Exercise goal: Copy, exactly and without additions, every line in the records below from the one holding "普通难度2-3拥有三个挑战目" through the one holding "आशयको सूचना ॥", both ends included.

Stored dataset items
'''

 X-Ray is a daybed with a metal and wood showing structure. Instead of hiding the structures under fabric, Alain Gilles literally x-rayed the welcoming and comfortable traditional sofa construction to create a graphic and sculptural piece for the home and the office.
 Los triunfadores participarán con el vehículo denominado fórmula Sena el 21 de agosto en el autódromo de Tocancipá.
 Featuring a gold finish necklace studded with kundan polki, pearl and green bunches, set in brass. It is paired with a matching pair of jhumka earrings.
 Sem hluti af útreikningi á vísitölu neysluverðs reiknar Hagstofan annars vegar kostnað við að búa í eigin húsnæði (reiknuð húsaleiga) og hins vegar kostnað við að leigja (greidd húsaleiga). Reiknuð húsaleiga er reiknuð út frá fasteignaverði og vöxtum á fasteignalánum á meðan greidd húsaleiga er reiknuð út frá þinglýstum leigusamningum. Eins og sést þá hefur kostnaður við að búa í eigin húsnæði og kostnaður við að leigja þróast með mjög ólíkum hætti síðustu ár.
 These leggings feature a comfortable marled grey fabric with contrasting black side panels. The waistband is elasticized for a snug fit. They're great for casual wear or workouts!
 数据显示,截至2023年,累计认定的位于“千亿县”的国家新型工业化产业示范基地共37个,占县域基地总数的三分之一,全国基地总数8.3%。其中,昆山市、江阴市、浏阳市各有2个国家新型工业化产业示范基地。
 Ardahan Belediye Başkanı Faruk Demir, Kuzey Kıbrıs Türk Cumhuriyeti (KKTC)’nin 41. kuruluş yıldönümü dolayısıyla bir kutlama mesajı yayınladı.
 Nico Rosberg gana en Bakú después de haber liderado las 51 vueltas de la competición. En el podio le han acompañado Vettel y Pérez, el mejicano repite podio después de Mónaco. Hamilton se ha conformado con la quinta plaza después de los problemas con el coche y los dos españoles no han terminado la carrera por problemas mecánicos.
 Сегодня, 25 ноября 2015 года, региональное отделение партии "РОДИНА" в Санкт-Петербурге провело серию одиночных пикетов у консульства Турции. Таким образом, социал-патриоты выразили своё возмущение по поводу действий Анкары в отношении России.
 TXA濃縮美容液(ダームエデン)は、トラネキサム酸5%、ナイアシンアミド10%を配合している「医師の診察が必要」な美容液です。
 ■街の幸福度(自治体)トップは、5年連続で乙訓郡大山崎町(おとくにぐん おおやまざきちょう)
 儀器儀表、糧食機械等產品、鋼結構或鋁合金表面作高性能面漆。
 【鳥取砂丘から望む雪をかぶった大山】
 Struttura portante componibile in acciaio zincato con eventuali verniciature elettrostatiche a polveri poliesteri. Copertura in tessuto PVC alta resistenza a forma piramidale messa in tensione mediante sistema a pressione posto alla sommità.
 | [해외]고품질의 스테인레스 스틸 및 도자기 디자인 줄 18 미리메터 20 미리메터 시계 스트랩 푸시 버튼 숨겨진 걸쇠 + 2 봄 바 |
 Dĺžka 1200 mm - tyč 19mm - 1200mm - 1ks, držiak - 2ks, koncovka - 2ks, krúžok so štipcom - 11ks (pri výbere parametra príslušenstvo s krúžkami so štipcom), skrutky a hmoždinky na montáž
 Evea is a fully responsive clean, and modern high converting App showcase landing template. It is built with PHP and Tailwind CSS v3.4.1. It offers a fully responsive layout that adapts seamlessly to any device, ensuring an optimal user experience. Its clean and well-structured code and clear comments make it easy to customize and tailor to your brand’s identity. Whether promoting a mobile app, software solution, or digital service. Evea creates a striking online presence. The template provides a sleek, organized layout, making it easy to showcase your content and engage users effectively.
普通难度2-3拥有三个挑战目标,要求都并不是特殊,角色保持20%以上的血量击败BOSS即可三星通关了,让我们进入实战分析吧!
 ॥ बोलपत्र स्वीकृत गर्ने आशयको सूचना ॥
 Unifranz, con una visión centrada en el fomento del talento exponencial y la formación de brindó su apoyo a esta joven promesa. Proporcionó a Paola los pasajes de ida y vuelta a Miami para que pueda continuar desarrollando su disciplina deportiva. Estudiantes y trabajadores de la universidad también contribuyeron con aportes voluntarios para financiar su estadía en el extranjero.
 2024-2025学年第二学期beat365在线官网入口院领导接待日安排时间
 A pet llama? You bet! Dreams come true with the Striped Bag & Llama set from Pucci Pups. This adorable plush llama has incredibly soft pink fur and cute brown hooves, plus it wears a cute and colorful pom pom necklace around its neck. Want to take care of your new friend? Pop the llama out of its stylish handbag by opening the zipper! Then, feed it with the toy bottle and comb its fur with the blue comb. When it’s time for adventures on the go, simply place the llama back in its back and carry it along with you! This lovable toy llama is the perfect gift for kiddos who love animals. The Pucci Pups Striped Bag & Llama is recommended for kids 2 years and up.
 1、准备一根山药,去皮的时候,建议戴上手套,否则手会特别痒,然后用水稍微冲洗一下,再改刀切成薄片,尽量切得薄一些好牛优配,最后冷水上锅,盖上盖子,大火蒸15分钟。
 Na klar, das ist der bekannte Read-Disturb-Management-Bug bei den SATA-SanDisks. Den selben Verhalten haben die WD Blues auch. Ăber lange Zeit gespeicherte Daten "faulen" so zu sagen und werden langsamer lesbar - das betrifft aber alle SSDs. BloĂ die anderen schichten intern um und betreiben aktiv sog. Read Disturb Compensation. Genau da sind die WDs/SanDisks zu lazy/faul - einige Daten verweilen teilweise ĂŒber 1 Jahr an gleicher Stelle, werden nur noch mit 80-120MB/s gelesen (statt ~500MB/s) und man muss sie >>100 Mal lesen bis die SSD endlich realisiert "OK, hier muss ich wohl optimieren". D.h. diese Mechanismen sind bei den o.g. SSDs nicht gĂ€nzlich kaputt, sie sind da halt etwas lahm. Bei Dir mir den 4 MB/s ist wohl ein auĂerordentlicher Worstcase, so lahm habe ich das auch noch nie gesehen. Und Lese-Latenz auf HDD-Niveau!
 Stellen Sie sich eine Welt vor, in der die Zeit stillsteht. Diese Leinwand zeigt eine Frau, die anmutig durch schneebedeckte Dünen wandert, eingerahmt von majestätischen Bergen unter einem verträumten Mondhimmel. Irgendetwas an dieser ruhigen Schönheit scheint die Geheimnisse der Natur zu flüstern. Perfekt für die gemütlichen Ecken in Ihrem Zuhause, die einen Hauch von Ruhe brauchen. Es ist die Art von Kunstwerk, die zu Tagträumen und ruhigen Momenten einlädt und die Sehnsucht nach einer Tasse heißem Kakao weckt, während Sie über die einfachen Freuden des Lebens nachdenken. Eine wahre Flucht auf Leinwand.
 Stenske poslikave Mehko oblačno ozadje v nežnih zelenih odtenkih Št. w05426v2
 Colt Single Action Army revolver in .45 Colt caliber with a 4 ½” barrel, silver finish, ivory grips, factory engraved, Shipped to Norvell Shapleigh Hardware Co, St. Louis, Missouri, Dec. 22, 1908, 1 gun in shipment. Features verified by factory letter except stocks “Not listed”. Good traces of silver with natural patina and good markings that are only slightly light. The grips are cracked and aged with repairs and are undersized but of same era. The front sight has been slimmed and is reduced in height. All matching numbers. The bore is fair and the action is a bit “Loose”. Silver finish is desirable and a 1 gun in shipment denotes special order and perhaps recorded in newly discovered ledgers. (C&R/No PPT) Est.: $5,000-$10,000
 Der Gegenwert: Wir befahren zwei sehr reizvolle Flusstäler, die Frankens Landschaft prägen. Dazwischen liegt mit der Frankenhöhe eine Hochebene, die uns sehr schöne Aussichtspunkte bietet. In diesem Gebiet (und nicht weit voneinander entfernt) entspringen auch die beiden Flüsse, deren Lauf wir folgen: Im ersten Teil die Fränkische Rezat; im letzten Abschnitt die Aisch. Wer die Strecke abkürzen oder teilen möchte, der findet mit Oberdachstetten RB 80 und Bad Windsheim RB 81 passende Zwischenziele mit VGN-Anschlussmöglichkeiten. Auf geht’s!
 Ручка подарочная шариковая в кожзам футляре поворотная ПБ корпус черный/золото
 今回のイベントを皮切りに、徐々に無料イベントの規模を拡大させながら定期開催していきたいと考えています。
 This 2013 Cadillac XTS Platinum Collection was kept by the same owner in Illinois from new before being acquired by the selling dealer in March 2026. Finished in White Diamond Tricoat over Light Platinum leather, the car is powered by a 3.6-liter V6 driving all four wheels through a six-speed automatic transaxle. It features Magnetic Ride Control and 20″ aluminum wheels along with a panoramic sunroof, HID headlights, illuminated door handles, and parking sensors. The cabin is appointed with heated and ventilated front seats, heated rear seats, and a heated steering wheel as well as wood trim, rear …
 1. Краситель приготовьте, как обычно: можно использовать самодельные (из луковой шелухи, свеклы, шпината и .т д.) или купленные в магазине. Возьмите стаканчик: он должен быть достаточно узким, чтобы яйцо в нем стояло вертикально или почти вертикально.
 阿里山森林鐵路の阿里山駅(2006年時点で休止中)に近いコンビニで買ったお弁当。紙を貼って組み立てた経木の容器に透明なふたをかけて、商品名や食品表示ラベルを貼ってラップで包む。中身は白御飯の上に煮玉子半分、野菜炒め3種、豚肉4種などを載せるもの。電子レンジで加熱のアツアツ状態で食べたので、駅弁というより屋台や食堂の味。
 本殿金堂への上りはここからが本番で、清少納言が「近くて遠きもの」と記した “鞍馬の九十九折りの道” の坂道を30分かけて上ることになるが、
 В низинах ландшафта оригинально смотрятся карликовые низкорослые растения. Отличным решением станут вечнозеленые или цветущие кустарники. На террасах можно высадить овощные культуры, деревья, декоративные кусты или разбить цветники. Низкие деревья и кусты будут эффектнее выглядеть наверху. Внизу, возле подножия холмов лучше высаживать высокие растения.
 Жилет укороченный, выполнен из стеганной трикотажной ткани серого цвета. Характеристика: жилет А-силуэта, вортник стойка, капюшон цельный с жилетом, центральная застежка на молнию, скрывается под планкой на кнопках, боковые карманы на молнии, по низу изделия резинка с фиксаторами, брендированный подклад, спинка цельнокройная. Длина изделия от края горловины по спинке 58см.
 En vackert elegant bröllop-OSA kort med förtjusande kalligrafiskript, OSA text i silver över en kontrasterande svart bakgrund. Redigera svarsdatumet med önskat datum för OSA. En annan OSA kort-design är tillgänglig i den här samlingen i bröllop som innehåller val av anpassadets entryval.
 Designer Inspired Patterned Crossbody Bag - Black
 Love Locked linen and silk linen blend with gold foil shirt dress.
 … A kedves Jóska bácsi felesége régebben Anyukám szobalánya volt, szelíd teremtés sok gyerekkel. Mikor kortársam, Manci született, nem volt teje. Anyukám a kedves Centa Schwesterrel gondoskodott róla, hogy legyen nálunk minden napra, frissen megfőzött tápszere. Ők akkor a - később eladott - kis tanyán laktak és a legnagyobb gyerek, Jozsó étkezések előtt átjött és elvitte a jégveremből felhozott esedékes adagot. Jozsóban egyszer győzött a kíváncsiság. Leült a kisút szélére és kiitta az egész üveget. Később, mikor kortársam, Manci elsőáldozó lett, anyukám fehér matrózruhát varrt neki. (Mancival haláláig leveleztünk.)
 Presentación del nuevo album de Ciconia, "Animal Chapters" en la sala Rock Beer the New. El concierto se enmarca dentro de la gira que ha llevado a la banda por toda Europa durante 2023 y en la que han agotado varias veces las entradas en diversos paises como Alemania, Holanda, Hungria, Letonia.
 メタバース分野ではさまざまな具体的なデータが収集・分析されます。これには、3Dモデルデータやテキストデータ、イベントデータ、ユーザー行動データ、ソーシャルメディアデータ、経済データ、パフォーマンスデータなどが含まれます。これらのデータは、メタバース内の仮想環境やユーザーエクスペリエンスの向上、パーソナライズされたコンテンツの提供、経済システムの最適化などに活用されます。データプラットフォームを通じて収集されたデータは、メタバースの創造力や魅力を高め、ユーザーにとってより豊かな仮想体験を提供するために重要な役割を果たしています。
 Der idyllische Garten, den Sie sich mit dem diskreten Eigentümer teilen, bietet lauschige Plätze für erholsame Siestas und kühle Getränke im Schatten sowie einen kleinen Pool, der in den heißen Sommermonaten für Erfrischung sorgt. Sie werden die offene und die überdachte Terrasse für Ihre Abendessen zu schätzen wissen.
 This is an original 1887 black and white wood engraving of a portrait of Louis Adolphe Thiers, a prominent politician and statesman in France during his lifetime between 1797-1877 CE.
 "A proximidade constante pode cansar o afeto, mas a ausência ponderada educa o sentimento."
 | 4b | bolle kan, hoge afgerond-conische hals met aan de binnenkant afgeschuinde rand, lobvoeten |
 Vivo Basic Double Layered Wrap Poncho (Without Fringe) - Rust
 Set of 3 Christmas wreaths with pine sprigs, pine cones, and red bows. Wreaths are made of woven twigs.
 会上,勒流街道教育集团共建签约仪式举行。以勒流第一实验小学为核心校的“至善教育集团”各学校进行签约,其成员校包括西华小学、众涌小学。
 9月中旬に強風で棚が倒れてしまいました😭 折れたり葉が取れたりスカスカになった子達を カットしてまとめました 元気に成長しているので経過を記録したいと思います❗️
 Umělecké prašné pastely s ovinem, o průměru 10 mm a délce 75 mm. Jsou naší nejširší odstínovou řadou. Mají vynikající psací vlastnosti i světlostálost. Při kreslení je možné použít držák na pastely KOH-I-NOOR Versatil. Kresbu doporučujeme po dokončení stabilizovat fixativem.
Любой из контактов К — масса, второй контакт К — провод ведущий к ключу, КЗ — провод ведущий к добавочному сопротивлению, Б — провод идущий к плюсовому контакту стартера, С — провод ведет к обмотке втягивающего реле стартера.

'''

Answer to the exercise:
普通难度2-3拥有三个挑战目标,要求都并不是特殊,角色保持20%以上的血量击败BOSS即可三星通关了,让我们进入实战分析吧!
 ॥ बोलपत्र स्वीकृत गर्ने आशयको सूचना ॥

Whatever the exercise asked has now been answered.